Thus, according to Hume, good taste was roughly what excellent blind tasters have—the ability, acquired through practice and comparison, to taste subtle components of a wine that most non-experts would miss and pass summary judgment on them. "The same could be said of the ability to detect subtle, good-making features of a painting or piece of music. The virtue of such analytic tasting of wines is that the detection of discreet components can at least in theory be verified by science and thus aspires to a degree of objectivity. Flavor notes such as “apricot” or “vanilla” are explained by detectable chemical compounds in the wine. The causal theory lends itself to this kind of test of acuity since causal properties can often be independently verified."
So, someone practiced at discerning elements that ordinary perceivers would miss could be said to have good taste.
But, for example, a wine taster can identify a whole bowl of various fruit aromas wafting from a wine, pronounce the acidity to be bracing and the tannins fine-grained but firm and still have said little about wine quality. "Wine quality is a function of structure, balance, complexity, and intensity supplemented by even less concrete features such as deliciousness, power, elegance, gracefulness, or refreshment. None of these features can be detected by analytically breaking down a wine because they are inherently relational, just as describing a painted surface as garish or a piece of music as lyrical would involve relations. No single component can account for them; it is a matter of how the components are related. In wine, even a prominent feature like acidity is not merely a function of Ph; perceived acidity differs substantially from objective measures of acidity and is influenced by the prominence of other components such as sugar and tannin levels. None of these relational properties seem amenable to scientific analysis. I doubt that gas chromatography can identify elegance; a wine's balance cannot be appreciated by measuring PH and sugar levels."
So, Furrow argues that identifying these aesthetic features involves a holistic judgment, not an analytic one. "The wine as a whole must be evaluated just as evaluating painting or music involves judgments about the work as a whole. But although these holistic features in a wine are a product of fruit, acidity, and tannic structure no list of wine components will add up to a wine being balanced, elegant or delicious."
He points to Kant, another 18th Century philosopher, for a better answer. "When I judge something to be beautiful, I do so because I like it. But what about it do I like? For Kant, the pleasure I get from a genuinely beautiful object does not lie in the fact I find it agreeable or pretty. Rather, I enjoy how it makes me think. It stimulates contemplation of a particular kind.

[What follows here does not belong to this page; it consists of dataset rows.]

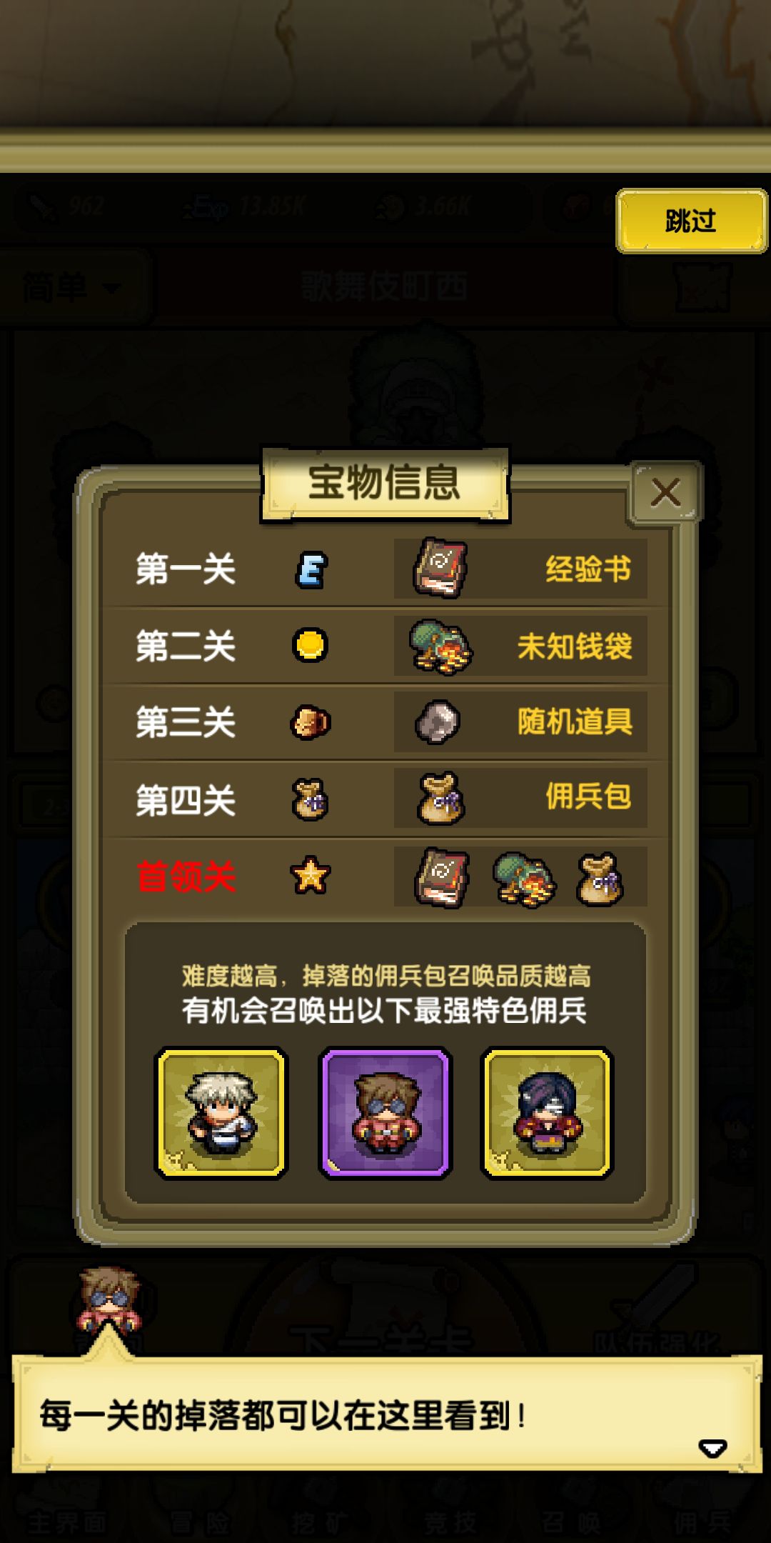 每个区域的掉落可以点击【最佳掉落】按钮查看,一般来说越后面的关卡掉落越好。每个区域掉落的佣兵包能开出的特色佣兵会有所不同,一般同一个区域出产的佣兵都可以使用合体技。如果有需要的朋友可以多在同一个区域挂一下。
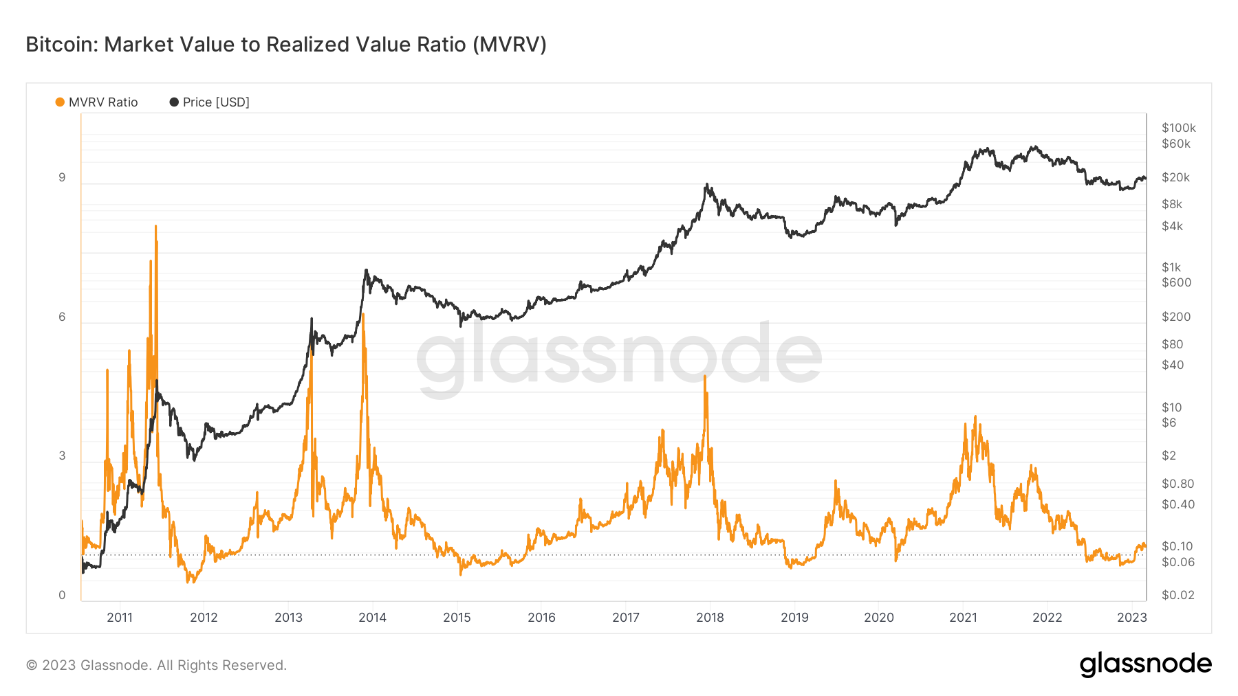 - MVRV 거래가 1 미만이면 역사적으로 약세장 바닥을 의미하며, 현명한 자금 축적이 작용하고 있습니다.
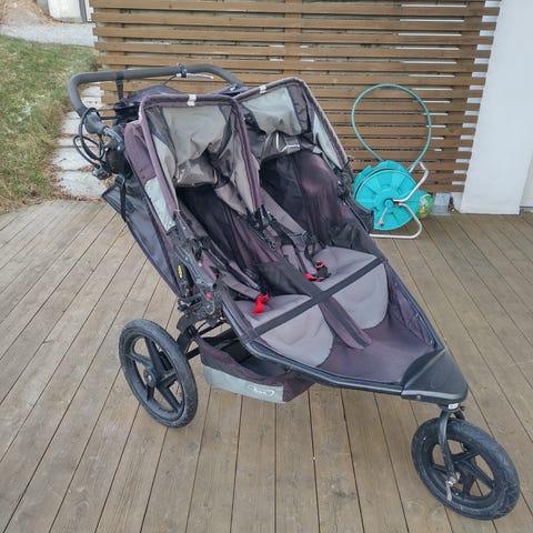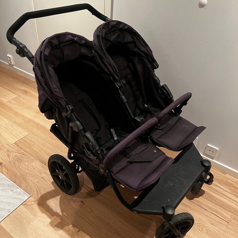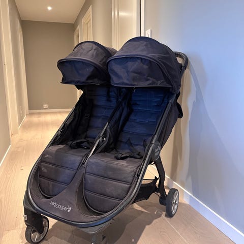 Baby Jogger Tvillingtrille i sort farge. Barnevognen har to seter side om side, egnet for tvillinger eller to små barn. Designet for enkel manøvrering og komfort for barna. Laget med slitesterke materialer. Veldig praktisk og kompakt vogn

Kant called this the free play of understanding and imagination."
"Of course, some objects won't repay that much attention. We explore them for awhile, get bored because we've come to identify and articulate everything important about them, and move on. But according to Kant, an object is genuinely beautiful if it sustains our interest in reflecting on it indefinitely because all attempts to fully understand it fail. The object has an order that constantly opens new ways of understanding it because no particular principle is ever adequate. Beautiful objects are intriguing, mysterious, not fully understood, yet at the same time balanced, harmonious, and well put together."
"Thus, taste, on Kant's view must refer to our ability to determine whether an object is worth reflecting on, whether it will repay our attention and produce endless fascination. A person of good taste discovers new patterns to explore, finds unexpected avenues of meaning, and responds with feelings and insights that generate new ways of describing something."